• [The problem]:
Using the records below, write out only the lines from the line containing "both out of" up to and including the line containing "Amar Decor is", exactly, with no pictures.

──────── Exercise input ────────

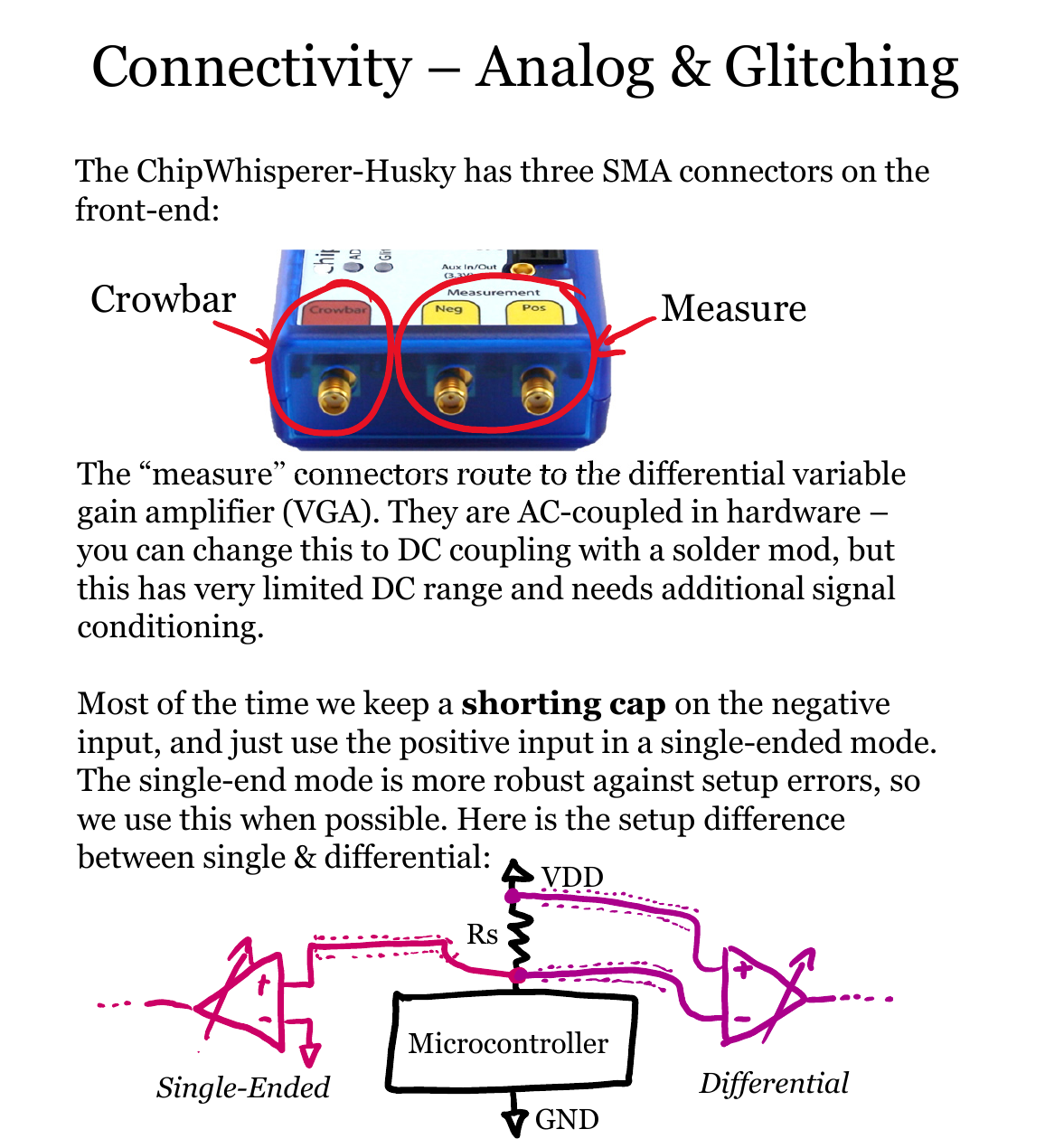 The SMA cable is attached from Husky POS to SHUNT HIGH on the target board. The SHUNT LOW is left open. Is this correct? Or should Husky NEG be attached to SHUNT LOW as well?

────────
──────── Exercise input ────────

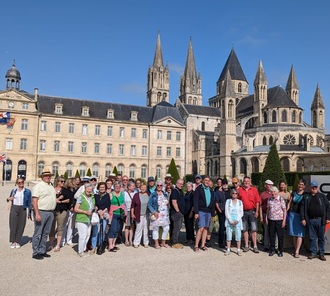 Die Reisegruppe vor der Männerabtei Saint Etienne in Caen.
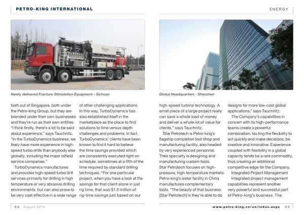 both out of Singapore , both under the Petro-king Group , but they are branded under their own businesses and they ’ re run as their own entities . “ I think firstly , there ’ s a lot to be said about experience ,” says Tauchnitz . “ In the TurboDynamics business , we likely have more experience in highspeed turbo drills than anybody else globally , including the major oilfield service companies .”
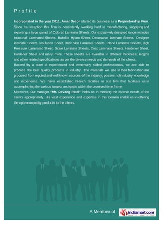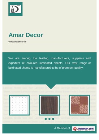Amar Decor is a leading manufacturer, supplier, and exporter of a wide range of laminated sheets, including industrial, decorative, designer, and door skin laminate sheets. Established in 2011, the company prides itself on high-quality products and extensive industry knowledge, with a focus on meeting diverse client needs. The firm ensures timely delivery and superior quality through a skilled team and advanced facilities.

────────
──────── Exercise input ────────

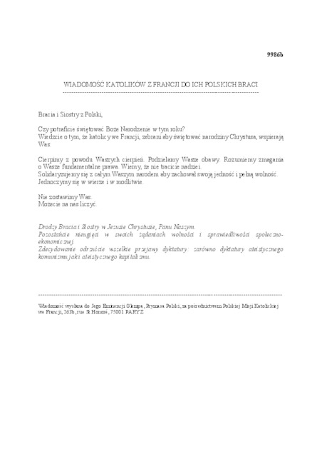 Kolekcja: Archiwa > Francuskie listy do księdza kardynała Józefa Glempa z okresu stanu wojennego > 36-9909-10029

────────

• [Exercise result]:
 both out of Singapore , both under the Petro-king Group , but they are branded under their own businesses and they ’ re run as their own entities . “ I think firstly , there ’ s a lot to be said about experience ,” says Tauchnitz . “ In the TurboDynamics business , we likely have more experience in highspeed turbo drills than anybody else globally , including the major oilfield service companies .”
Amar Decor is a leading manufacturer, supplier, and exporter of a wide range of laminated sheets, including industrial, decorative, designer, and door skin laminate sheets. Established in 2011, the company prides itself on high-quality products and extensive industry knowledge, with a focus on meeting diverse client needs. The firm ensures timely delivery and superior quality through a skilled team and advanced facilities.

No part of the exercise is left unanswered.